John Banville ne cache pas son admiration pour
Henry James (Literary Review), il situe même la naissance du roman psychologique dans le chapitre 27 du "
Portrait de femme", où l'on navigue dans le flux de la conscience d'Isabel Archer. Mieux : le roman de James se termine de façon si abrupte que Banville y voit une invitation du Maître à poursuivre le destin d'Isabel, grande création littéraire, qu'il considère, malgré ses travers et ses erreurs, comme une véritable héroïne (The Irish Times). Arrogance et témérité, l'écrivain irlandais a écrit une suite au portrait !
"The Portrait of a Lady" est un drame joué entre des personnages américains dans un contexte européen (bien que les situations économiques, politiques et sociales ne soient pas évoquées). Isabel Archer, femme vaillante et naïve, découvre que son mari Gilbert Osmond et son ex-maîtresse, Serena Merle, ont agi de concert pour la pousser à ce mariage d'argent. de plus, Pansy, la fille d'Osmond, n'est pas celle d'un premier lit dont l'épouse est morte, mais l'enfant qu'il a eue avec
la Merle. le roman de James se termine lorsque Isabel, abattue et désemparée, fuit Osmond et Rome pour veiller le cousin Ralph Touchett qui se meurt en Angleterre – c'est indirectement grâce à ce dernier qu'elle hérita de sa fortune.

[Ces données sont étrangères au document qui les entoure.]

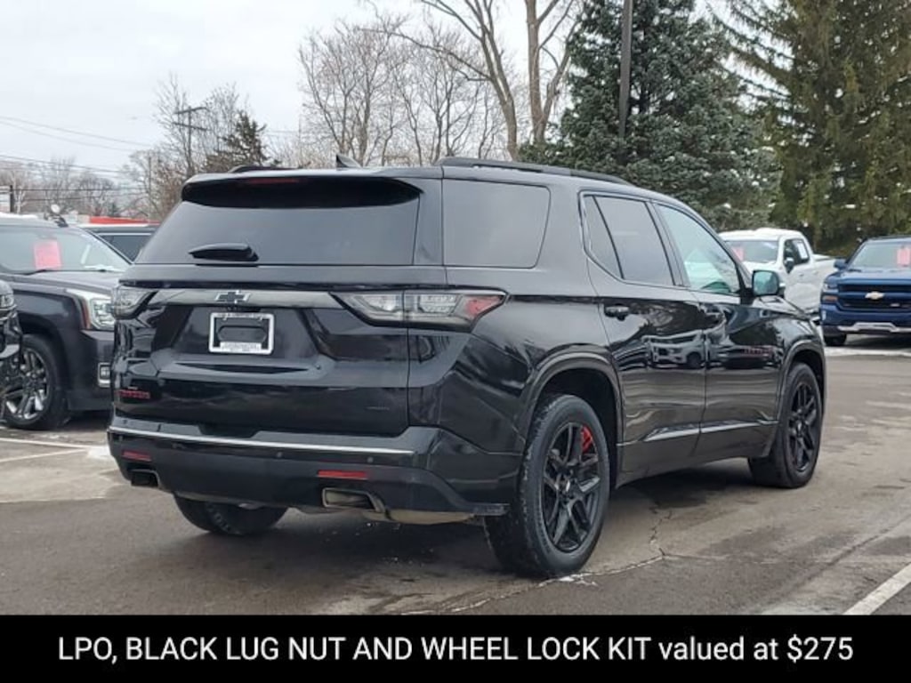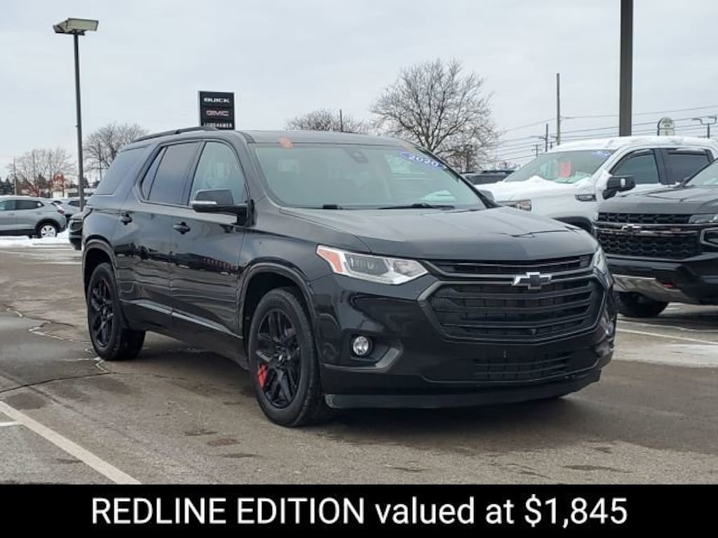 FACTORY CERTIFIED, INCLUDES WARRANTY, SERVICE RECORD AVAILABLE, GOOD TIRES, REAR BACK UP CAMERA, Traverse Premier, 4D Sport Utility, 3.6L V6 SIDI VVT, 9-Speed Automatic, AWD, Mosaic Black Metallic, Jet Black Leather, 1st & 2nd Row All-Weather Floor Mats, 3rd Row All-Weather Floor Mats, 3rd row seats: split-bench, 7-Passenger Seating (2-2-3 Seating Configuration), All-Weather Cargo Mat (LPO), Alloy wheels, Auto High-beam Headlights, Black Door Handles, Black Lug Nut & Wheel Lock Kit (LPO), Brake assist, Delay-off headlights, Dual SkyScape 2-Panel Power Sunroof, Electronic Stability Control, Four wheel independent suspension, Front Bucket Seats, Front Center Armrest, Front fog lights, Fully automatic headlights, Heated front seats, Heated rear seats, Horizontal Cargo Net (LPO), Interior Protection Package (LPO), Memory seat, Navigation System, Ornamentation, Passenger door bin, Perforated Leather-Appointed Seat Trim, Power driver seat, Power Liftgate, Power passenger seat, Power steering, Power windows, Preferred Equipment Group 1LZ, Redline Edition, Remote keyless entry, Speed-sensing steering, Steering wheel memory, Steering wheel mounted audio controls, Traction control, Ventilated front seats, Wheels: 20 Argent Metallic Machine Faced Aluminum, Wheels: 20 Gloss Black Painted Alum w/Red Stripes.

John Banville propose un roman dans la tradition classique, à la façon de
Henry James, rien moins qu'un pastiche. Mon sentiment sur James est positif ("
Le Tour d'écrou" et "La bête dans la jungle" formidables mais "
Washington Square" un peu terne) mais je n'ai pas lu "
Portrait de femme" ; par contre "
Mme Osmond" m'a entièrement conquis, avec une progression très lente, mais jamais ennuyeuse. Intérêt et empathie sont entretenus avec maestria jusqu'à la fin, au point qu'on laisse l'héroïne à regret à la dernière page. Sur une incertitude, cependant... Une suite ?
Que penser du pastiche ? de
Henry James, Banville écrit : ”Quiconque a lu, ou tenté de lire, feu James connaîtra ce sentiment d'être à la fois ébloui et étourdi par le style de prose qu'il a développé au cours des premières décennies du XXe siècle, un style conçu pour saisir, avec une immense, avec un diabolique subtilité, et en phrases d'une complexité labyrinthique, la texture même de la vie consciente.”
Y est-il lui-même parvenu ?
"
The Guardian" qualifie "Mrs Osmond" de superbe imitation et apprécie les surprises qu'offre l'ingéniosité de Banville.
"
The New Yorker" est moins enthousiaste, rappelant que
Henry James recourait aux longues phrases pour aller aux deuxième, troisième, voire quatrième couches de la pensée : "Banville semble confondre cela avec un simple allongement ; le grain de sa pensée et sa prose sont trop grossiers pour rendre sa tentative crédible." Et après des exemples précis : "Banville, en optant pour le pastiche direct, s'est donné le travail le plus difficile de tous et, en conséquence, échoue le plus sévèrement."
"The New York Times", insistant sur les longueurs et le rythme "ruminatif", est aussi critique : "J'ai eu le sentiment étrange de reconnaître ses phrases comme jamesiennes sans avoir l'impression que James les avait écrites, comme si par le fait même de se faire passer pour James, Banville avait réussi à mettre en lumière à quel point James est inimitable."
Je ne suis pas sûr que l'intention de
John Banville était de placer la barre si haut, au plan stylistique.
Jugeons-en nous-mêmes et suivons notre lady avec les principaux personnages de l'histoire originale dans ce prolongement banvillien. de la Tamise à Paris, jusqu'à Florence et Rome, la valeureuse Isabel Osmond trimballe-t-elle un règlement de compte ? Une
vengeance, une réparation ? Je crois que beaucoup sont impatients de savoir et seront enchanté(e)s.